The group has previously agreed to raise the fees to $500.

The medical society’s president, Dr. William Werner, has recognized that a lack of action from the legislature could significantly disrupt the training of medical residents. But he also says students focus on the quality of the training they will receive when ranking programs, and he’s confident many will still list Illinois hospitals this year.

“Illinois is well known for the highly regarded training programs we have for residents and fellows,” Werner said. However, he continued, “if this drags on by July 1, when the residents will be starting, then that will be a very serious issue.”

Between 2,300 and 2,800 medical students apply every spring for temporary licenses, Department of Financial and Professional Regulation spokeswoman Sue Hofer said. She said the department starts receiving applications around May 1 and must finish processing them by July 1.
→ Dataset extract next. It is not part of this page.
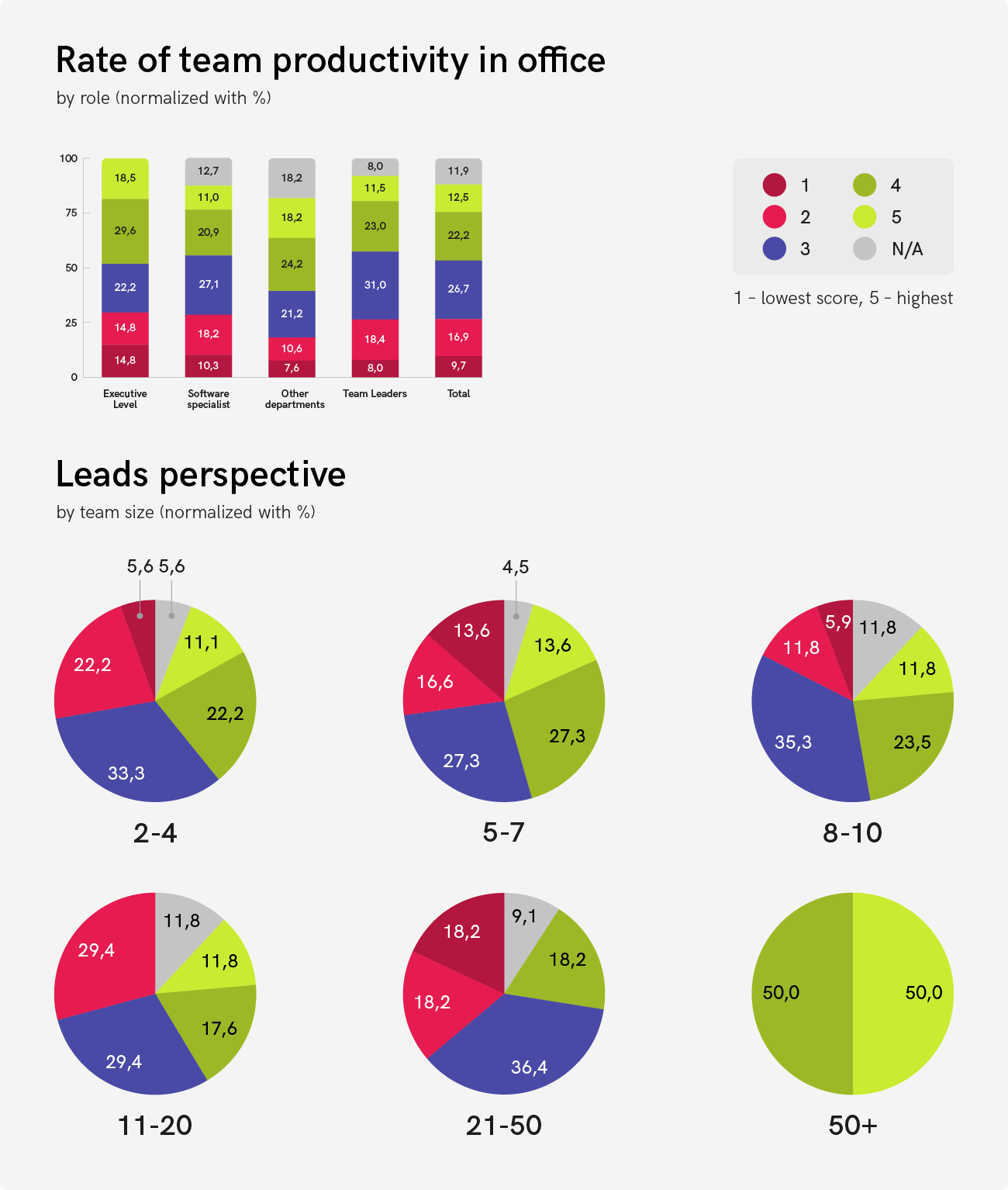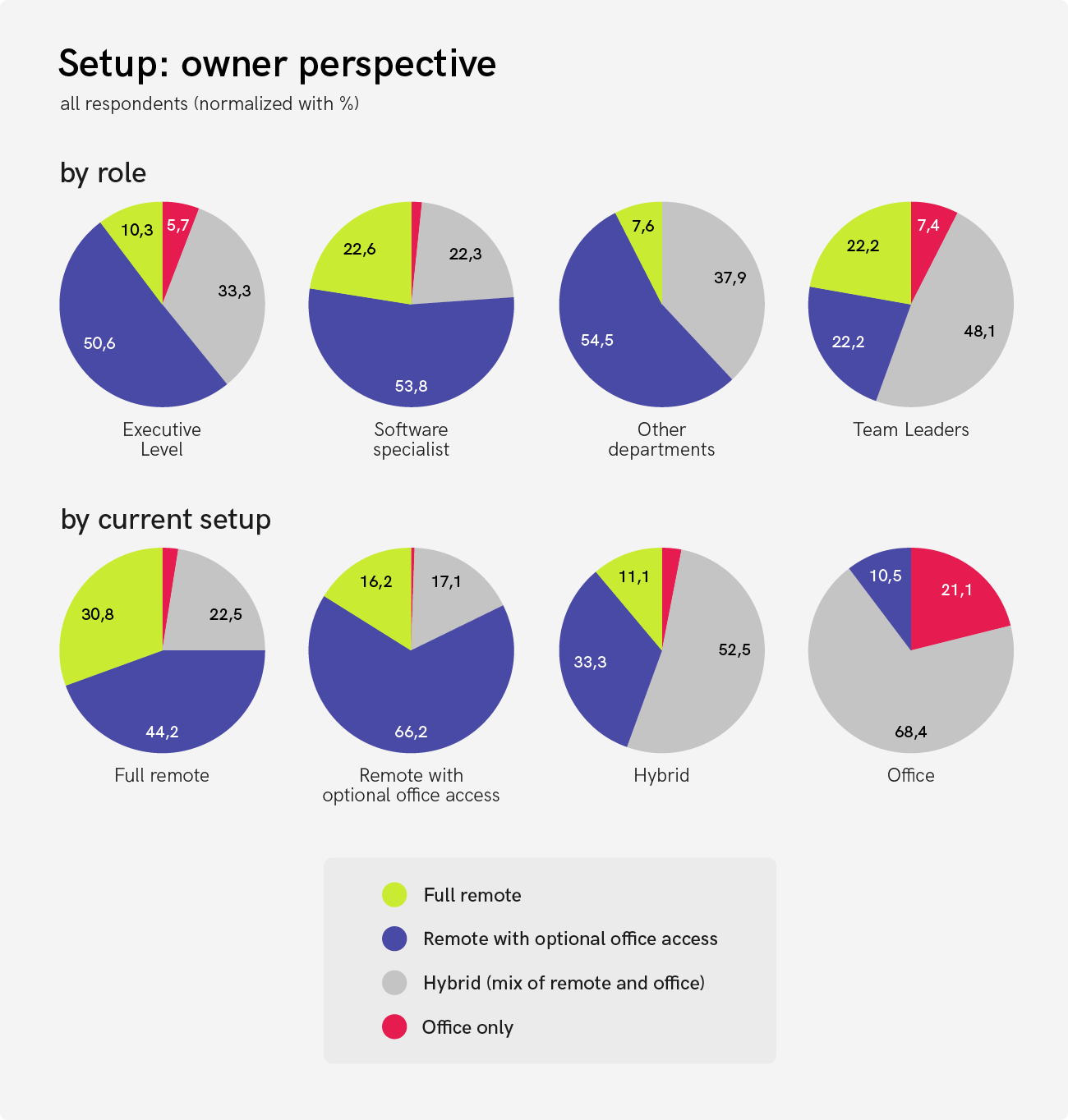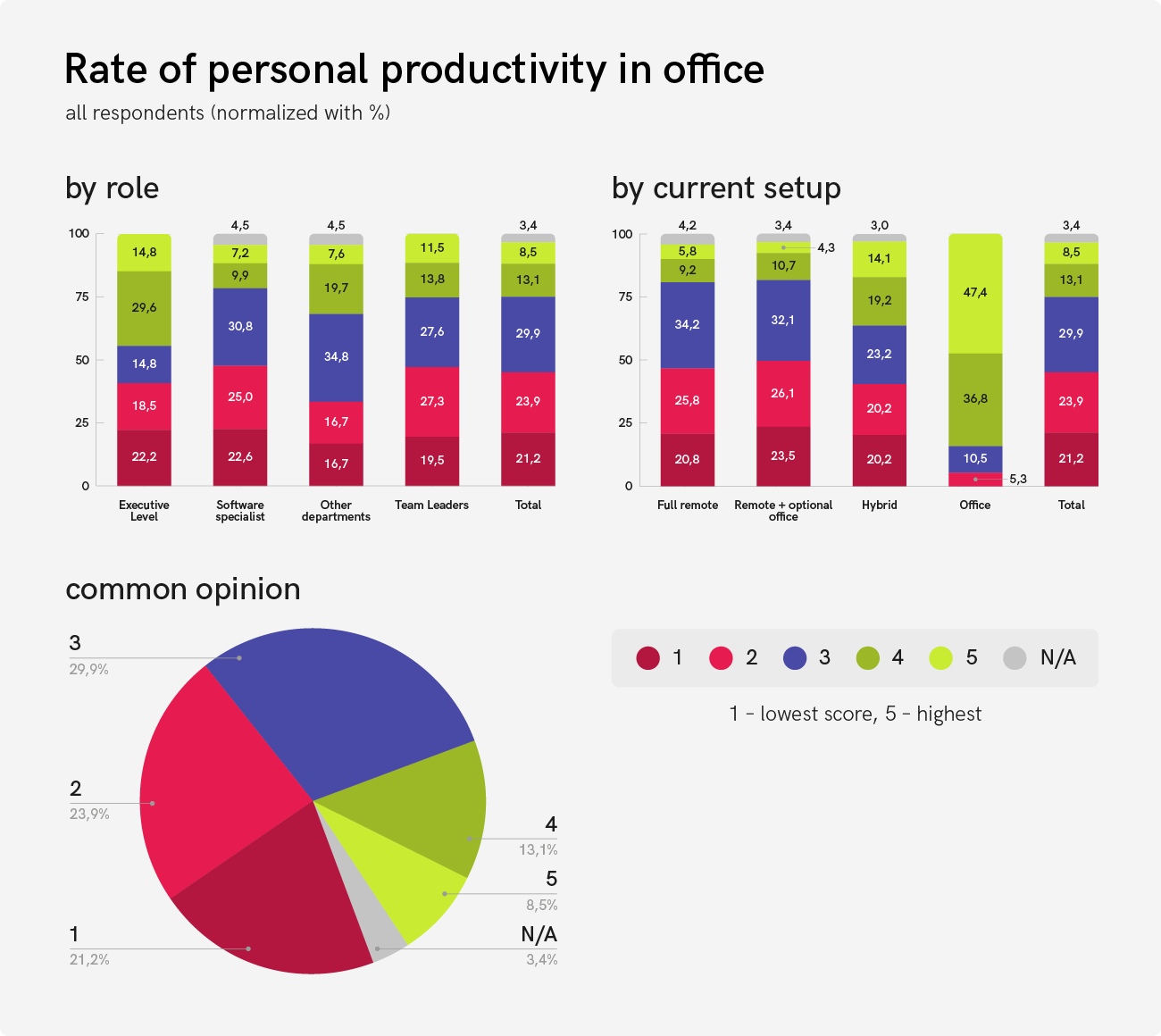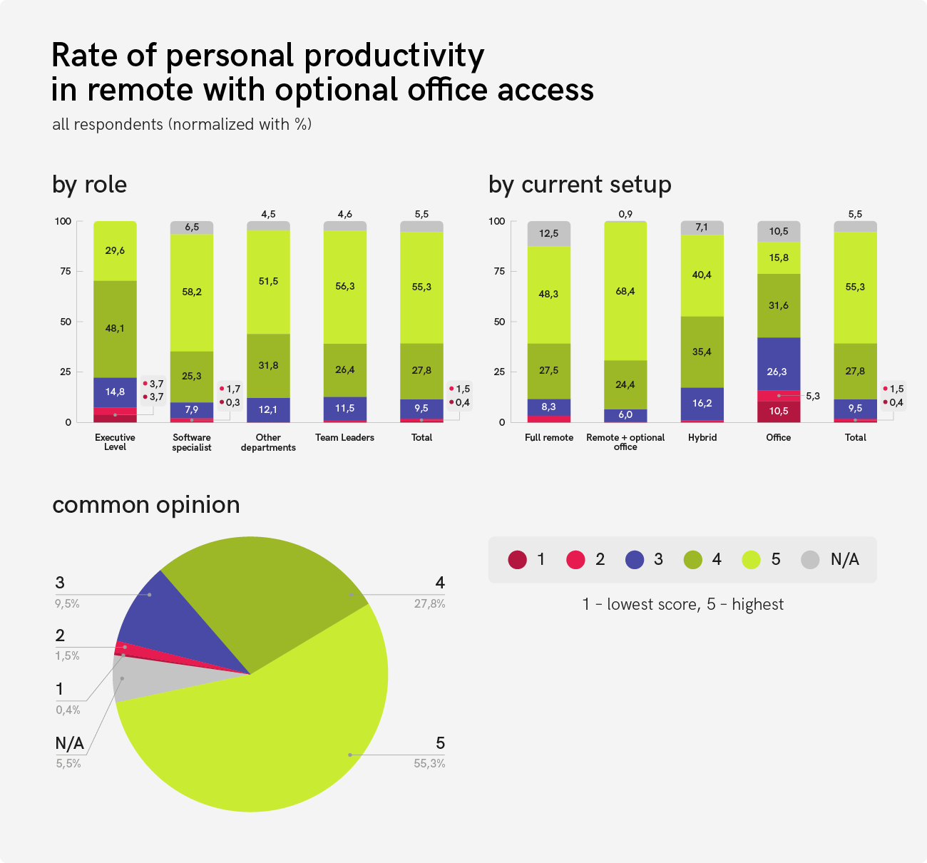 In this section respondents rated how productive they personally felt in different setups. Each group of charts shows both an overall view and a breakdown by role.

In a public notice posted last week the department’s website, the acting director of financial and professional regulation, Manuel Flores stated that he is confident that the department will have the resources necessary to “effectively facilitate resident-physician `match’ programs for Illinois hospitals.”

The chief government relations officer for the Illinois Hospital Association, A.J. Wilhelmi, said the association’s members are hopeful that the General Assembly will move this week to fund the medical unit.

A bill authorizing the funds could be sent to the governor for approval on Wednesday at the earliest, provided that the House approves the measure that cleared the Senate last week and sets the fee at $700.

But the hopes of the department, hospital administrators and doctors-in-training could easily be crushed. House Speaker Michael Madigan’s spokesman, Steve Brown, said the problem will not be fixed before Wednesday and pinned the blame on the medical society, saying the group has strongly lobbied lawmakers against drastically raising licensing fees.

“You got to overcome the medical society’s opposition,” Brown said. “Maybe hospitals and students have helped overcome it.”